The recent history of Argentine Intelligence cannot be told without mentioning the figure of Antonio “Jaime” Stiuso. His influence is not explained by a formal position – he has not held one for more than a decade – but by something deeper and more persistent: the control of knowledge, networks and routines that survive changes in government. In the SIDE, names pass; links, files and internal codes remain. Stiuso embodied the operational heart of Intelligence for years. He was the man who accumulated sensitive information, international contacts and political reading skills. When he fell from grace, he not only took his personal history with him: he left a structure that continued to function with its logic. Since then, his figure reappears recurrently, as a reference, as an informal consultation, as a godfather of cadres who continue to be active within the organization.
This persistence reveals a structural characteristic of the Argentine Intelligence system: its institutional weakness. Each attempt at reform – AFI, interventions, dissolution and return to SIDE – promised to put an end to the past, but ended up reproducing known schemes. The dependence on experienced operators, the lack of new cadres with internal legitimacy and the opacity in the chain of command reinforce the gravitation of figures like Stiuso, even when they are no longer in the organizational chart. The influence is also sustained by the international dimension.
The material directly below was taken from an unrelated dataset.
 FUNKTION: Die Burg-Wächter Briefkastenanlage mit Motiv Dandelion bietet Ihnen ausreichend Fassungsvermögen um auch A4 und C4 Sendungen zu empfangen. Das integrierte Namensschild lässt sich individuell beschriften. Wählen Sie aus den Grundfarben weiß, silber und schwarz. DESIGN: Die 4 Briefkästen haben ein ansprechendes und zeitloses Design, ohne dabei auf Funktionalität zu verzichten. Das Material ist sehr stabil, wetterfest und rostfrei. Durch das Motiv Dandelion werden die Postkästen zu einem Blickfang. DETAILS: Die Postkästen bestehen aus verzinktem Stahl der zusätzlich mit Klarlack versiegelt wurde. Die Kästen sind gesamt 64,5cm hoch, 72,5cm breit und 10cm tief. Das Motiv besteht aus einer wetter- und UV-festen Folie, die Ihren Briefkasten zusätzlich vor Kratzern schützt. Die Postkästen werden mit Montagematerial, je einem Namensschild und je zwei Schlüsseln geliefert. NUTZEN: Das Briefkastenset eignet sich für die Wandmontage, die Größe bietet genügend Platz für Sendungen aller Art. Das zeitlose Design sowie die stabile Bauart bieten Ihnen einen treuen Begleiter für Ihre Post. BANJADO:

For decades, Stiuso built fluid relationships with foreign agencies, a capital that the Argentine State never managed to institutionalize.
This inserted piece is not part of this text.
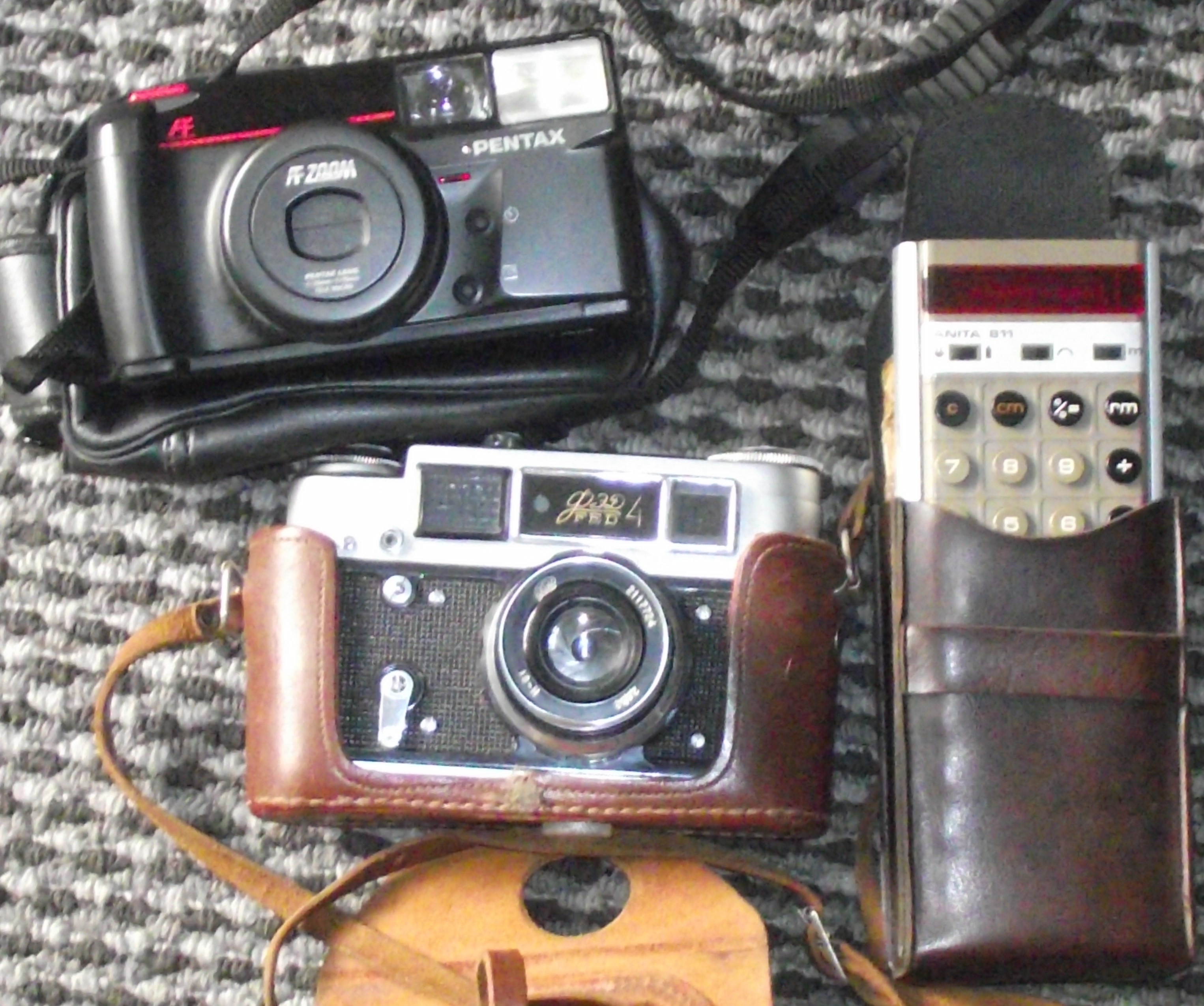 A group of three electronic devices. The first, a Soviet FED 4 film camera, though visually marked ‘ЗОРКИЙ 4’ (Zorki 4) on the top plate, features a silver-toned metal body with black textured panels, bearing a partial serial number ‘2117724’ and ‘MADE IN USSR’. It is presented in a worn brown leather ‘ever-ready’ case with a matching strap. The second item is a black, modern-style Pentax AF Zoom point-and-shoot camera, identified by ‘PENTAX’ and ‘AF ZOOM’ branding with ‘PENTAX LENS’ and ‘FILM MACRO’ text on the lens barrel, resting within a black leatherette soft case and having an attached black strap. The third item is a portable electronic calculator, labeled ‘MITA 811’ with a red LED-style display and cream and black keys for numbers and functions like ‘c, ‘ ‘cm, ‘ ‘%-, ‘ and ‘rm, ‘ housed in a dark brown rigid leatherette case.

When political authorities change, these bridges do not disappear: they are recycled. In a system that needs external cooperation, whoever knows the channels and speaks the language of the trade retains real power. Stiuso’s “ghost” is not just a person: it is a mode of operation. It explains why internal affairs are never completely organized, why formal leadership coexists with informal leadership, why each leak refers to long-standing disputes.
It also exposes a broader problem: the difficulty of building a professional, controlled Intelligence with clear rules, which does not depend on individual figures but on solid institutions.